Sunday, May 2, 2010

Starting the journey

So, my hubby and I have decided that we are going to try to have another child. We'll start trying after July, when the stink-bug is 13 months old. I can't weight, er, wait. Yeah, that's the one problem we're going to have. I weigh too much. I want so very badly to lose about 40 pounds before we conceive again. I know I can do it. I go to the gym 3 times a week already, but I am willing to step it up to 5 days. I can eat better than I do, and I know that's a large part of why I can lose weight but not keep it off. I am also an emotional eater. Anybody with me on that? Yeah, I know. It's easy to admit but so hard to change. But that's what this blog is about. Me putting down the fork and knife (fingers, etc) and filling myself not with food, but with strength.

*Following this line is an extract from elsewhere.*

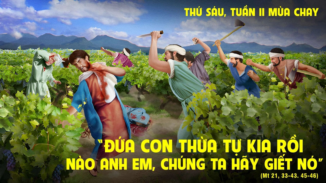 Hình ảnh Thiên Chúa nhân từ tiếp tục được Chúa Giêsu diễn tả qua dụ ngôn người chủ vườn nho. Ông đã chuẩn bị mọi thứ chu đáo, từ rào dậu chung quanh, hầm ép rượu đến tháp canh, rồi giao lại cho các tá điền. Nhưng thay vì biết ơn, họ lại hành xử tàn nhẫn với những đầy tớ mà ông sai đến: đánh đập, giết hại và ném đá họ. Ngay cả khi chủ vườn sai con trai mình đến, hy vọng họ sẽ kính nể, thì lòng tham lam đã khiến họ ra tay sát hại để chiếm đoạt vườn nho.

I still plan to eat, cuz there's just no way I could give up french fries or cheese, but just not as often. I am trying to convvince the hubs that he can do it too, if not for his sake, then for N's sake. Do we really want him to have the same problems that we have? Heck no! So, for now we will just start off with the weight. I currently weigh 271 pounds, the same I weighed the day I gave birth. I had dropped all the baby weight by 2 weeks post-partum. Granted it was only 25 pounds, but how good does it feel to say you lost 25 pounds in 2 weeks???

Within 4 months of his birth, I had gained it all back plus a little more. I gave every excise I could think of- exhaustion. He was colicky and crap food was easier to eat. I ate at 3 am at least twice a week because I felt like I needed energy to keep up with a crying baby. But, all the BS has to stop.

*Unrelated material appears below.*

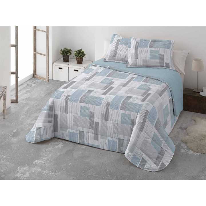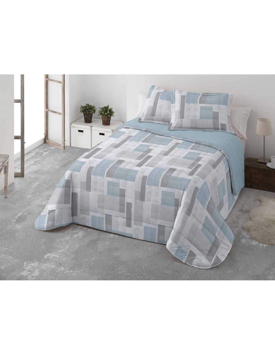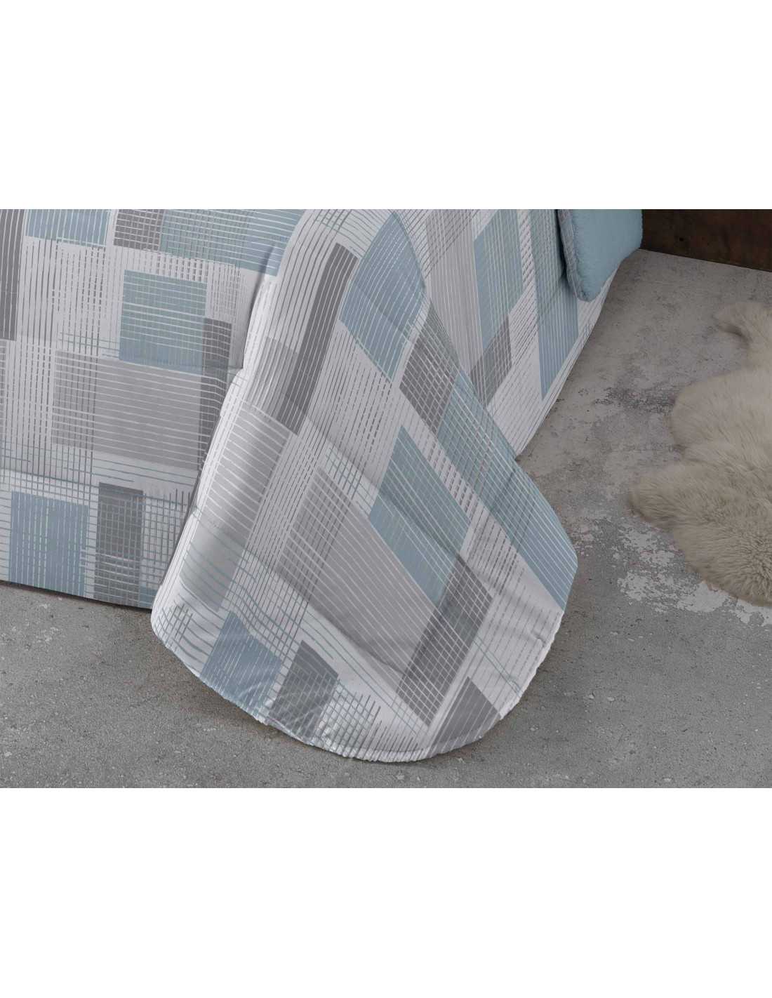 Orosei é um edredão perfeito para se proteger do frio do inverno. Um edredão cinza e azul com exterior em cetim de seda e muito quentinho graças ao seu forro em pele de carneiro.

I am taking control of my life and my weight once and for all. I will not sit on the couch watching "The Biggest Loser" season after season and wonder why I can't have a weight loss like theirs (It's already obvious, isn't it? I can't work out 10+ hours a day). Excuse? Maybe, but I can work out for one hour each day.

I think the real kick in the pants that I need came yesterday afternoon. I went to walk up the stairs with N to get to our apartment, and my knees hurt. They have been hurting going down the stairs every once in a while for the past week, but never going up. Seriously, I have to change this. I can't move just because I'm fat, right?

I hope there are some people out there who would like to join me on this journey. I'd like to think I am not alone.

Good health to you all.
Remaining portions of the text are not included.